We walked to the boating lake. I had a weird feeling that I had been here before but I have no memory of visiting Littlehampton and nowhere else seemed familiar. It was only when I got home and read up on the town I realised that this boating lake had featured in an early episode of The Inbetweeners, which I watched before it became fashionable.
There was a family not far from us. Father and toddler pretending to fish in the lake, mother on her phone. We walked down to the lake's edge, unconsciously choosing not to end up standing right next to them. The father saw us, glared at me and dragged his child up the grassy bank. I can only assume this was because I had my camera round my neck.
He might have had very good reason not to have his child photographed in an identifiable public place (eg he's a loving stepfather, and Mother and kid are in danger from a violent biological father). I respect that, although I'm sure not all amateur photographers do. I had no intention of photographing them, but, again, some other amateur may have been attracted by the sight of the attentive father teaching his boy to 'fish'.
But I still think he was rude. Put simply, there is no law against photographing random strangers in a public place. If I had taken a zoomed shot of them, there is no law to prevent me blogging it. But their right to freedom from violence is more important than my right to free expression, I just don't see where my responsibility lies in this assumed scenario. And I don't think it warrants his hostility!

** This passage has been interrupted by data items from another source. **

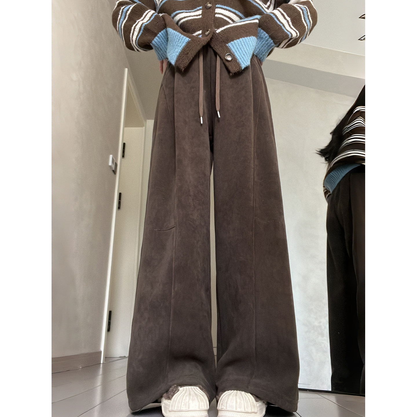 Wide-leg pants, women's winter fleece thickened sweatpants, narrow straight draped pants, lambswool fleece, windproof cotton pants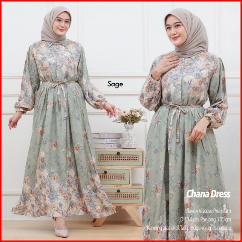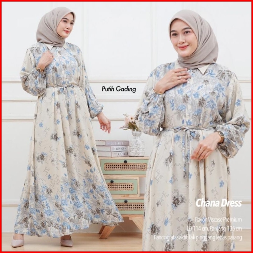 Chana Dress Wanita Rayon Viscose Dress Lebaran Dress Motif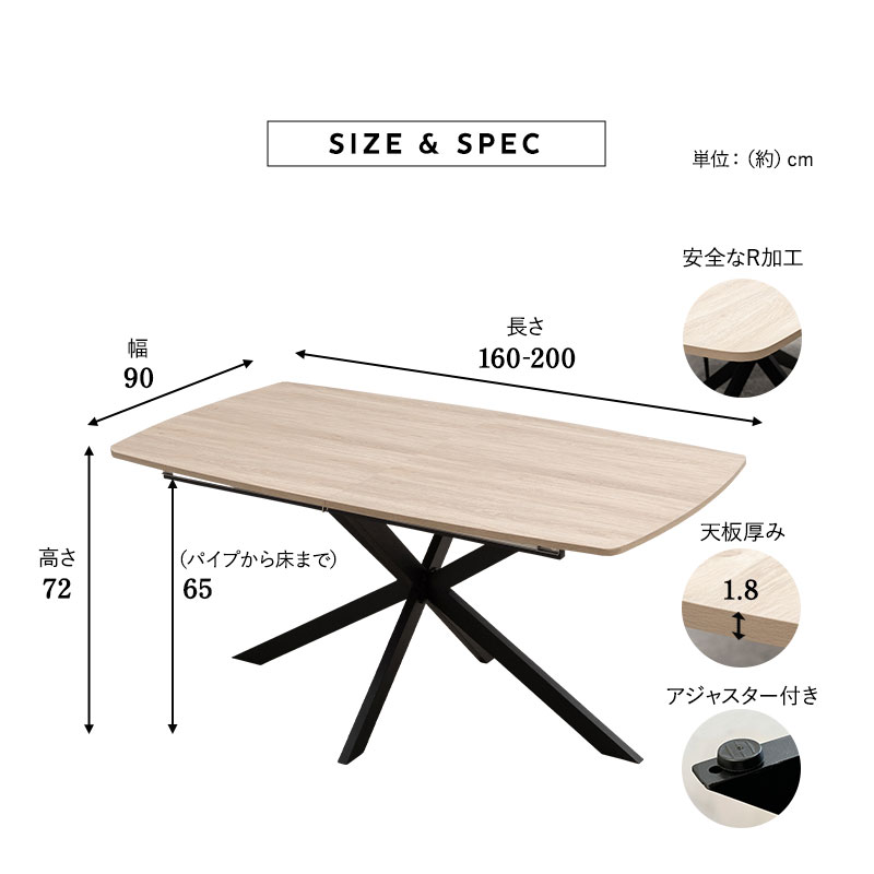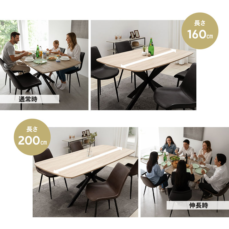 | ダイニングテーブル | ■サイズ 約幅160-200×奥行90×高さ72cm ■材質 天板:プリント化粧繊維板 脚:スチール(粉体塗装) ■カラー オーク ※ライン状の模様は、素材の特徴を再現したものです。傷ではございません。あらかじめご了承ください。 ■機能 伸長機能 ■重量 約35kg ■耐荷重 天板:約50kg |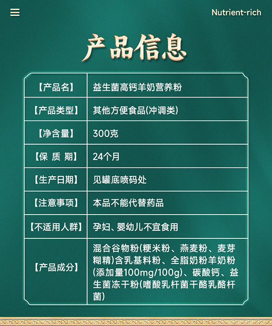 产品类型:特种营养品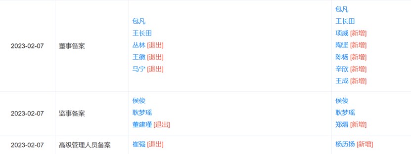 另外,又新增了5名董事,分別是:項(xiàng)威、陶?qǐng)?jiān)、陳楊、辛欣、王成;新增1名監(jiān)事,為鄭熠;新增1名高管,為楊歷揚(yáng)(財(cái)務(wù)負(fù)責(zé)人)。
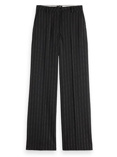 – wysokość pasa: high waist- szlufki na pasek: tak- zapięcie: haczyk i suwak- kieszenie: wpuszczane- detale: połyskująca nitka- krój: luźny- wzór: paski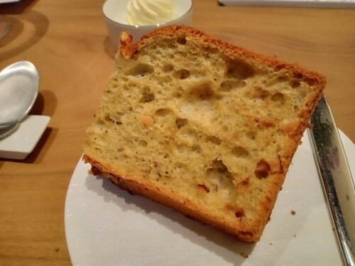 このシフォンケーキ生地のホワホワのパンは、甘くない燻製香る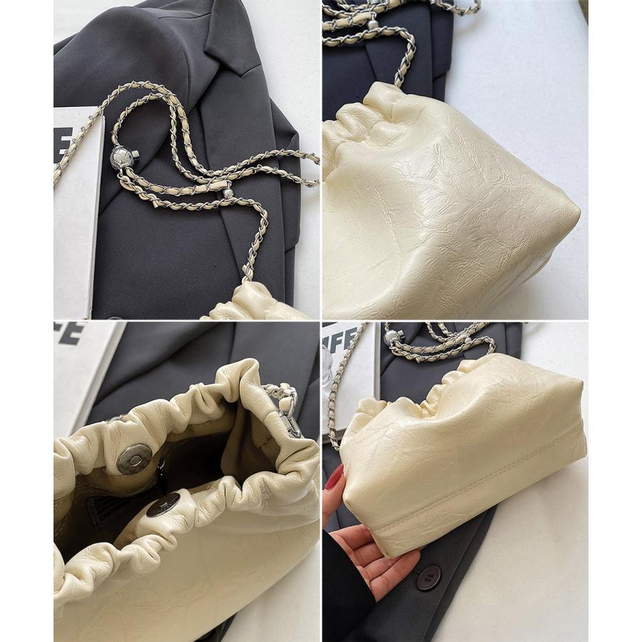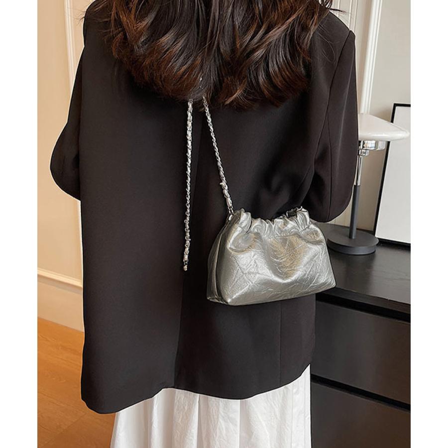上品な光沢感とエレガントなデザインが魅力のモダンな巾着型ショルダーバッグ。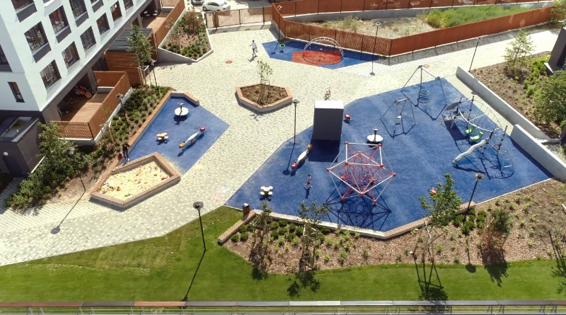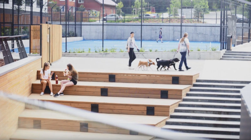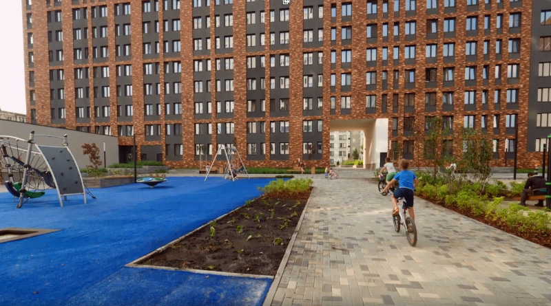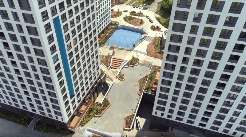 В ЖК «Каменный ручей» нас удивил внутренний двор, который находится на высоте девять метров! Есть как открытая территория снизу, так и закрытая — для того, чтобы попасть внутрь, нужно пройти через дверь с домофоном.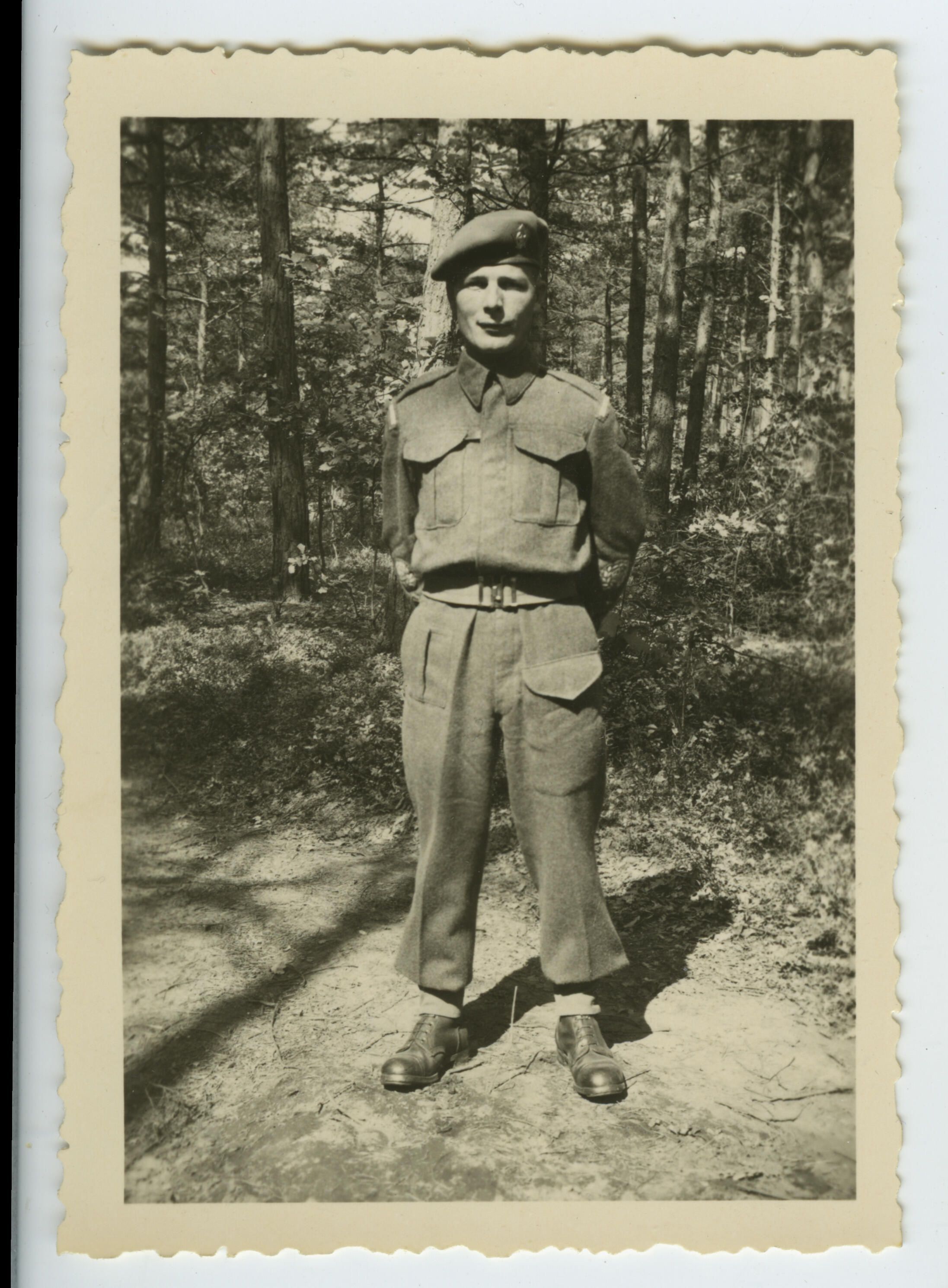 Company Sergeant Major James Byrne, part of "A" Coy, is posing in uniform with his hands behind his back while standing in front of a forest.Photograph Details

We stopped for coffee in The Contented Pig. Odd place. I had a lovely chocolate and cherry cake. Nicely decorated, if slightly clichéd - carefully arranged junk; table decorated with a bottle of flowers, a Kilner jar of sugar lumps, a metal bucket of cutlery.
But their menu looked dated, straight from the 1970s. Laminated green cardboard, text in ALL CAPS in a dated font, and poorly described food eg cheese and tomato sandwich was a turn off. Yet, looking at the sandwiches delivered to other customers, I was pretty sure they would be South Downs or Sussex artisan cheese on 'proper' wholemeal. The waitress slopped both coffees as she brought them to our table. "D'you want me to clean up?" she asked, expecting the answer to be 'no', when she should have said "I'm sorry, shall I replace those?".
Later, we went into The River Breeze for decidedly mediocre fish and chips - greasy plaice, dull chips, peas that weren't even pea colour, and inedible, and tea out of a terminally drippy teapot.
We spent most of the rest of the day strolling around the town. A soulless uninspiring place. I presume it's prosperous - politically Conservative, commutable to London, house prices comparable to South London - but the people looked as depressed and rundown as the town itself. Similar to what I observed in Chertsey. The English town centre is dead and needs reinventing.
We crossed the River Arun to West Beach. The original purpose of the day was to go to Climping Beach, recommended by both the internet and a friend as being one of the best beaches, so I now can't remember why we ended up in Littlehampton Town, rather than Climping Beach car park, a couple of miles from where we parked, and strolled around as the temperature plummeted.
The beach and its immediate surrounds are a nature reserve, but just inland is the inevitable golf course, with its unnaturally mown grass and its men posturing in garish age inappropriate hobby specific clothing.
The tide had turned, so we watched boats coming into harbour.
But the weather wasn't improving, so we went home.
We passed a new housing development outside the town. This was on elevated ground and should have afforded a decent view of the estuary. But, bizarrely, the houses were all oriented wrongly. the windowless gable ends faced the sea, the habitable rooms looked over a busy road.